People want to blame a simple commercial ad (the media, actually) for social upheaval. The author of the article was just as guilty of the "literalistic reductionism" he admonished as those he accused. In the end, it comes down to blaming someone else for your inadequacies, as goodthink pointed out. The ad may very well have just been a joke.

One thing about us homo sapiens...we take ourselves WAY too seriously.
learn from your mistakes
live life without god
don't beat on women (if she hits you, run; if that don't work, headlock)

> : P

man, woman, child, Earth is polluted and needs help, hello.
I've been thinking about this one. I wonder if the current stereotype of the "male ideal" isn't pretty recent.

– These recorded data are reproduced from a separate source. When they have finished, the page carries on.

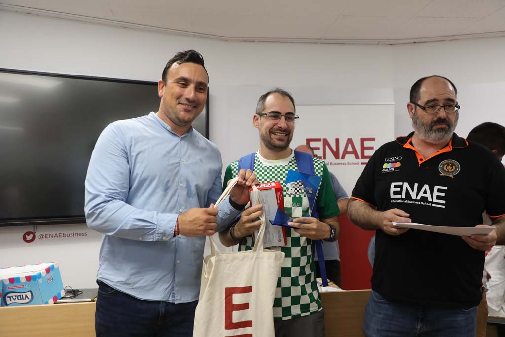 Al acabar el torneo se procedió a la entrega de premios y regalos, conducida por el anfitrión Pedro López Carreño, responsable de Empleo/RSC de ENAE e impulsor y coorganizador del evento. Para los más pequeños hubo trofeo para los tres primeros de cada categoría (sub-8/10/12/14), reloj de ajedrez para los primeros de cada una y regalo de chuches, cortesía de Vidal Golosinas, y camisetas con los personajes diseñados por Santi Ayala. Para los mayores, trofeo y premio en metálico para los 5 primeros clasificados; y trofeos, cargadores inalámbricos y bolsa de regalos ENAE para los de las categorías femenina, veterano, socio del club, sub-1700 y sub-1800.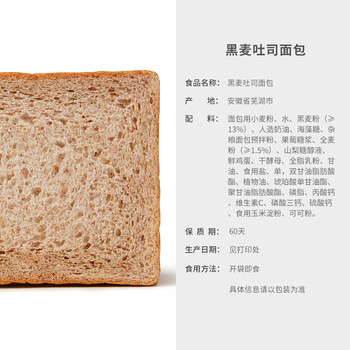 来伊份黑麦吐司面包450g 全麦早餐轻食代餐健身糕点点心蛋糕休闲零食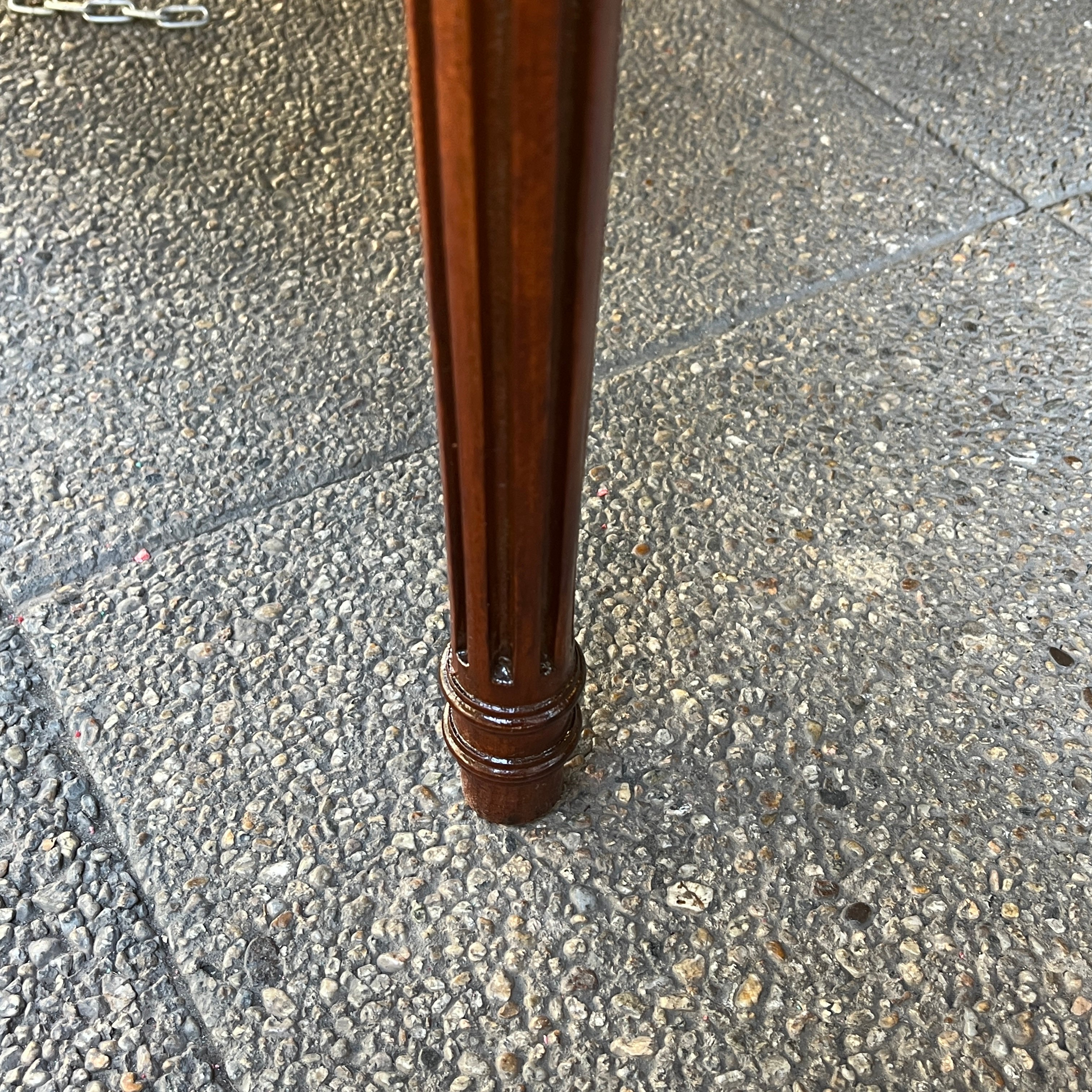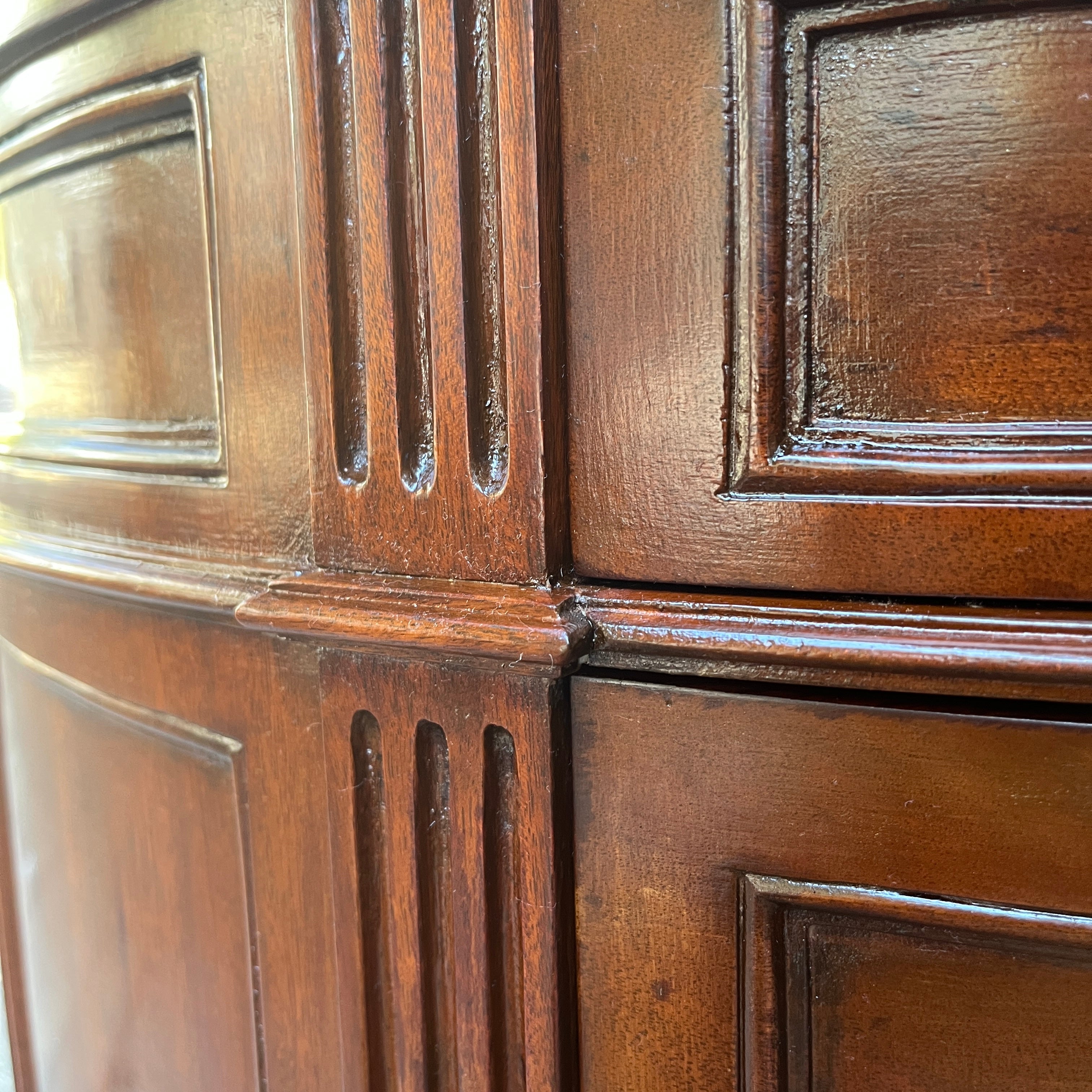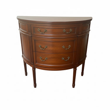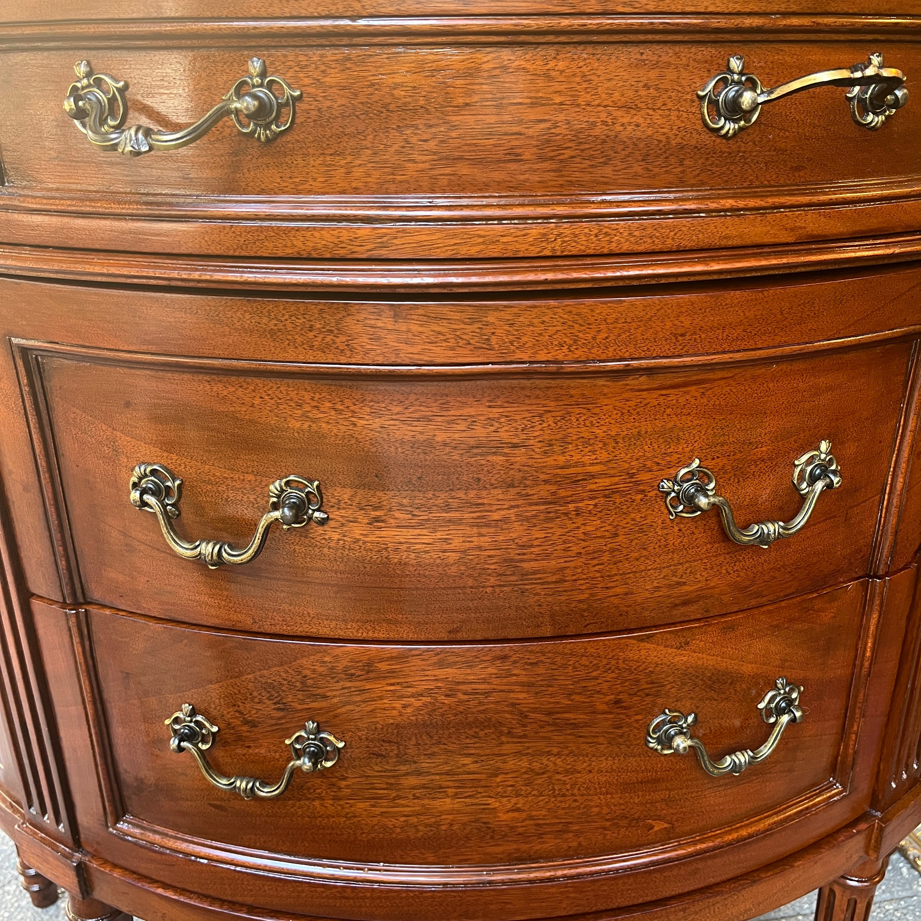 Elegante cómoda de medio punto de origen estadounidense estilo Sheraton años 50s. La pieza está hecha en madera de caoba y tiene tres cajones amplios con tiradores metálicos. En buen estado.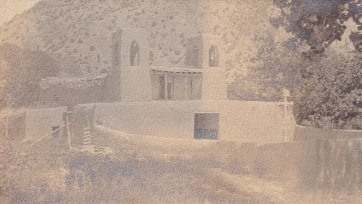 Black-and-white photograph of an adobe building. The building has two taller towers that stand above the rest of the building and have windows in all four sides.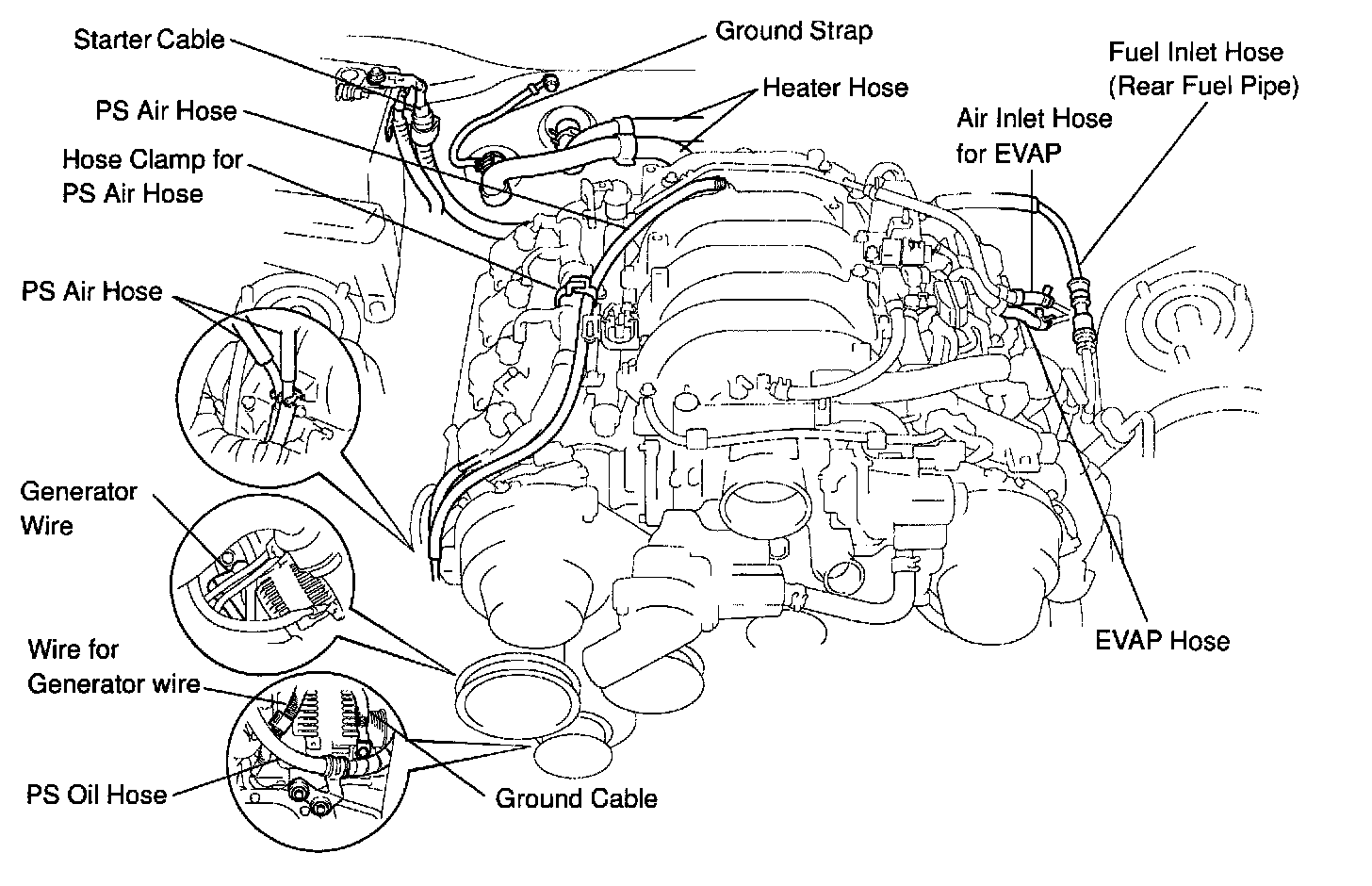 - 2 PS air hoses from hose clamp on No.3 RH timing belt cover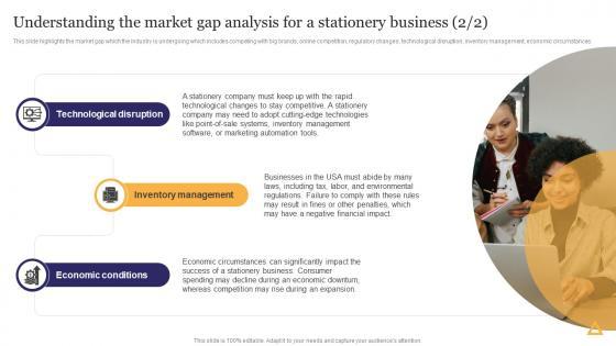 This slide highlights the market gap which the industry is undergoing which includes competing with big brands, online competition, regulatory changes, technological disruption, inventory management, economic circumstances. Want to ace your presentation in front of a live audience Our Understanding The Market Gap Analysis Stationery Business Plan Go To Market Strategy Download Pdf can help you do that by engaging all the users towards you. Slidegeeks experts have put their efforts and expertise into creating these impeccable powerpoint presentations so that you can communicate your ideas clearly. Moreover, all the templates are customizable, and easy to edit and downloadable. Use these for both personal and commercial use. This slide highlights the market gap which the industry is undergoing which includes competing with big brands, online competition, regulatory changes, technological disruption, inventory management, economic circumstances.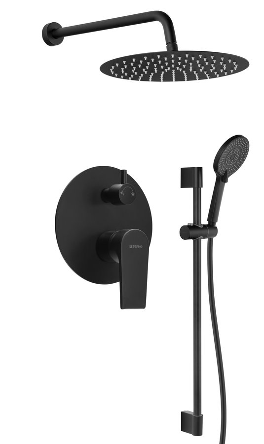 KAI falba süllyesztett zuhanycsaptelep, 2-irányú váltóval, zuhanyszettel, fejzuhannyal, zuhanyrúddal, matt fekete (KA43/15-04)
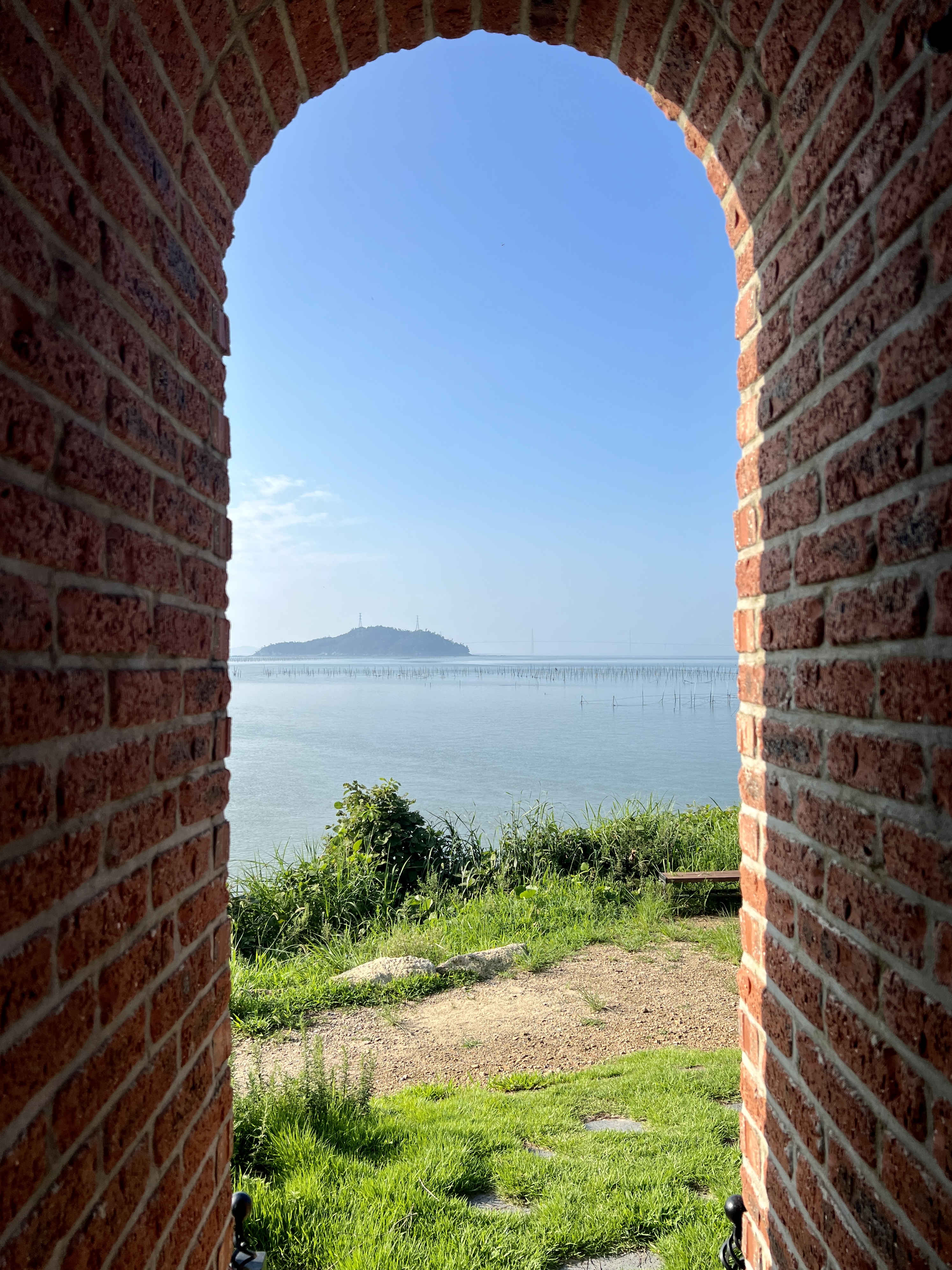 십자형 구조를 가진 이 작품은 세면의 벽에 난 큰 창문 너머로 드넓은 갯벌과 바다가 보여요. 사방에서 들어오는 갯바람에 땀을 식혔어요.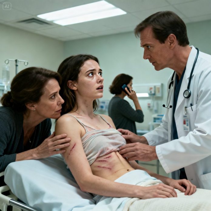“He broke my ribs,” I whispered in the emergency room. My mother leaned in close and murmured coldly, ‘Stay quiet. He still has a future ahead of him.’ I thought I was about to be abandoned all over again. Then the doctor examined the bruises, met my eyes, and said softly, ‘You’re safe now.’ She turned away, picked up the phone… and in that moment, I knew everything was about to change.

The modern mythology that pops out at me is the Clint Eastwood character from spaghetti westerns. The only emotion this character demonstrates is anger, with an occasional undercurrent of anguish . He is near perfect in his ability to exact vengeance. Any feelings of warmth or tenderness are always be camouflaged behind a cool exterior. He is the supreme, unkillable, unbeatable, alpha male. The character resembles a super hero from the comics much more closely than he does a human being.

Older myths about the male ideal feel much more realistic to me. The Greek heroes were strong and brave, but certainly not infallible. They cried, made stupid mistakes, got out foxed by villains, fell in love and demonstrated a full range of human emotion.

I wonder why modern mythology has made the male ideal so polarized and sterile?

PS… I’m getting a little long in the tooth. I could be completely off base with my understanding of the modern male ideal. I grew up with Clint Eastwood, but maybe there is a more recent icon that better symbolizes the male ideal?
You know a few days ago I wanted to cry because of all the negetivity on this subject and now I want to cry because this thread makes me believe in the brilliance of our community again.

Anyway, Sara Connor was the first character that came to mind when I read Rusty's point of the Clint Eastwood hero type, or the brooding avenger archtype. I think that it is interesting that this is probably one of the primary hero types used in cinema and that it is distinctly unisex. The old fashioned hero type seemed to have a greater focus on brute strength and a capacity for melee (Greek heroes are a perfect example)and quite frankly screw any girl that he sees. Well this type of hero is rarely the biggest and strongest, but are often the toughest, fastest, smartest, and best trained. Also, and think about this, they are often monogamous. I think it is awesome because it promotes the fact that heroism is in the will, not in the arm (nor in the sex).

As for newer male ideals in cinema, I think of the Tyler Durden character from Fight Club. First of all, clearly insane to pretty much everyone around him, yet is still a man that attracts followers. He exists on the dirty fringe of society (apparently by choice), is knowledgable and self taught, and of course is incredibly tough and intelligent.